• [Given information]:
__________________________________________________
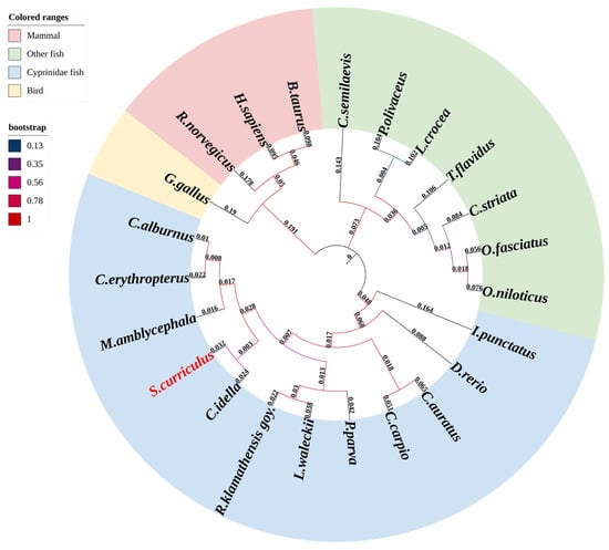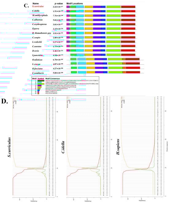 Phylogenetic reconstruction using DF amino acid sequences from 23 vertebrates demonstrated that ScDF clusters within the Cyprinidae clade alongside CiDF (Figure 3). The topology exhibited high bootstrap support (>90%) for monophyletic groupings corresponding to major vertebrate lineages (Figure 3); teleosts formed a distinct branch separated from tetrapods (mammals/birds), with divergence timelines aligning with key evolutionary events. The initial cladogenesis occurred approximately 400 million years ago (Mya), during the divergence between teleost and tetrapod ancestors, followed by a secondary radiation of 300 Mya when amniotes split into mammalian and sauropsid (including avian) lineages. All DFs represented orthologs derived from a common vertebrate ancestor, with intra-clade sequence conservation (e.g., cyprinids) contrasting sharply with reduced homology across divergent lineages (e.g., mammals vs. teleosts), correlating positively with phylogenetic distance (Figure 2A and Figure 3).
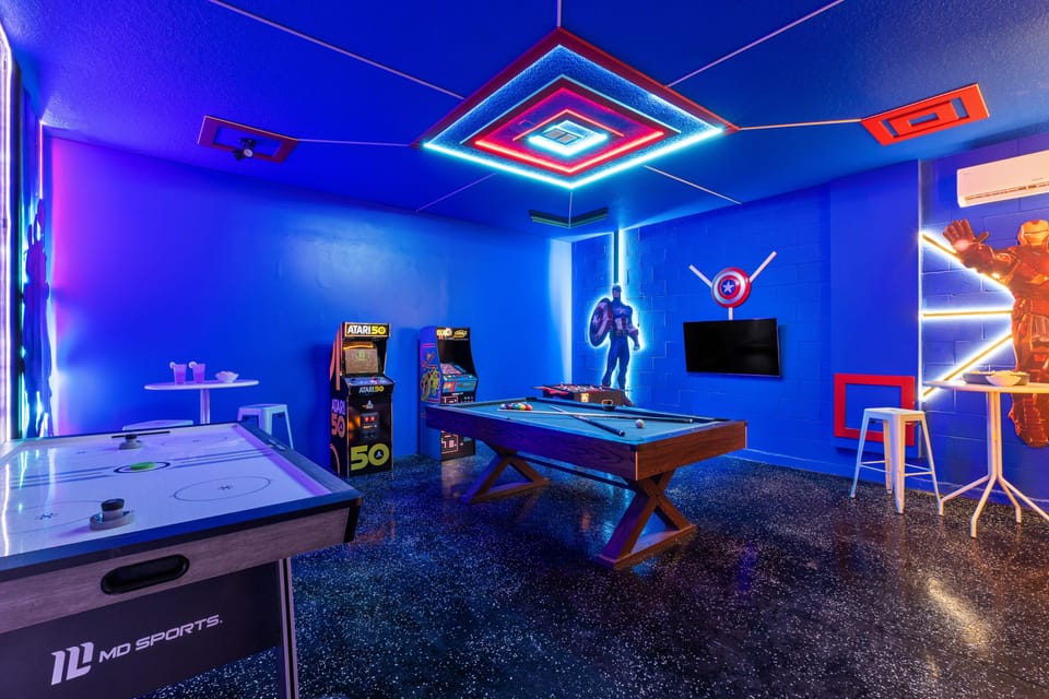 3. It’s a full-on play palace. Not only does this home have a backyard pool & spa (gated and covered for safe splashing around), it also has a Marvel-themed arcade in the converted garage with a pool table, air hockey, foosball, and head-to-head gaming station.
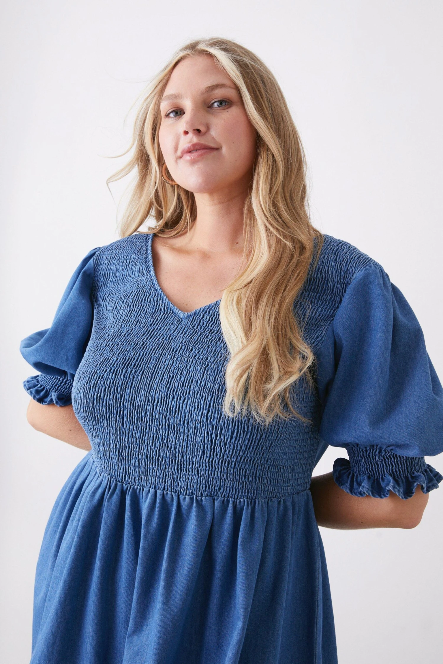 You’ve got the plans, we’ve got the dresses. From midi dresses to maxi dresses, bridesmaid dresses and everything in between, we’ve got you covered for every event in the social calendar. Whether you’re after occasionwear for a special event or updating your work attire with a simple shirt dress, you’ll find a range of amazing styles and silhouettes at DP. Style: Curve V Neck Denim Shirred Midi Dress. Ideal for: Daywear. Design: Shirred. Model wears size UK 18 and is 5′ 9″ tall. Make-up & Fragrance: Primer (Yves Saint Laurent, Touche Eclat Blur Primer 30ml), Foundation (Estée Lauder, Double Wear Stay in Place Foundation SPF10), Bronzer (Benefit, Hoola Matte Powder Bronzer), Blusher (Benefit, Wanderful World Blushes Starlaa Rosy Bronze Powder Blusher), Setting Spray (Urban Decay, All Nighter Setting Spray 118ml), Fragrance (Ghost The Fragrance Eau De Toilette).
__________________________________________________
• [About this task]: Without any of its pictures, the listing is to be repeated exactly as it stands.

• [Output of the task]:
 Phylogenetic reconstruction using DF amino acid sequences from 23 vertebrates demonstrated that ScDF clusters within the Cyprinidae clade alongside CiDF (Figure 3). The topology exhibited high bootstrap support (>90%) for monophyletic groupings corresponding to major vertebrate lineages (Figure 3); teleosts formed a distinct branch separated from tetrapods (mammals/birds), with divergence timelines aligning with key evolutionary events. The initial cladogenesis occurred approximately 400 million years ago (Mya), during the divergence between teleost and tetrapod ancestors, followed by a secondary radiation of 300 Mya when amniotes split into mammalian and sauropsid (including avian) lineages. All DFs represented orthologs derived from a common vertebrate ancestor, with intra-clade sequence conservation (e.g., cyprinids) contrasting sharply with reduced homology across divergent lineages (e.g., mammals vs. teleosts), correlating positively with phylogenetic distance (Figure 2A and Figure 3).
 3. It’s a full-on play palace. Not only does this home have a backyard pool & spa (gated and covered for safe splashing around), it also has a Marvel-themed arcade in the converted garage with a pool table, air hockey, foosball, and head-to-head gaming station.
 You’ve got the plans, we’ve got the dresses. From midi dresses to maxi dresses, bridesmaid dresses and everything in between, we’ve got you covered for every event in the social calendar. Whether you’re after occasionwear for a special event or updating your work attire with a simple shirt dress, you’ll find a range of amazing styles and silhouettes at DP. Style: Curve V Neck Denim Shirred Midi Dress. Ideal for: Daywear. Design: Shirred. Model wears size UK 18 and is 5′ 9″ tall. Make-up & Fragrance: Primer (Yves Saint Laurent, Touche Eclat Blur Primer 30ml), Foundation (Estée Lauder, Double Wear Stay in Place Foundation SPF10), Bronzer (Benefit, Hoola Matte Powder Bronzer), Blusher (Benefit, Wanderful World Blushes Starlaa Rosy Bronze Powder Blusher), Setting Spray (Urban Decay, All Nighter Setting Spray 118ml), Fragrance (Ghost The Fragrance Eau De Toilette).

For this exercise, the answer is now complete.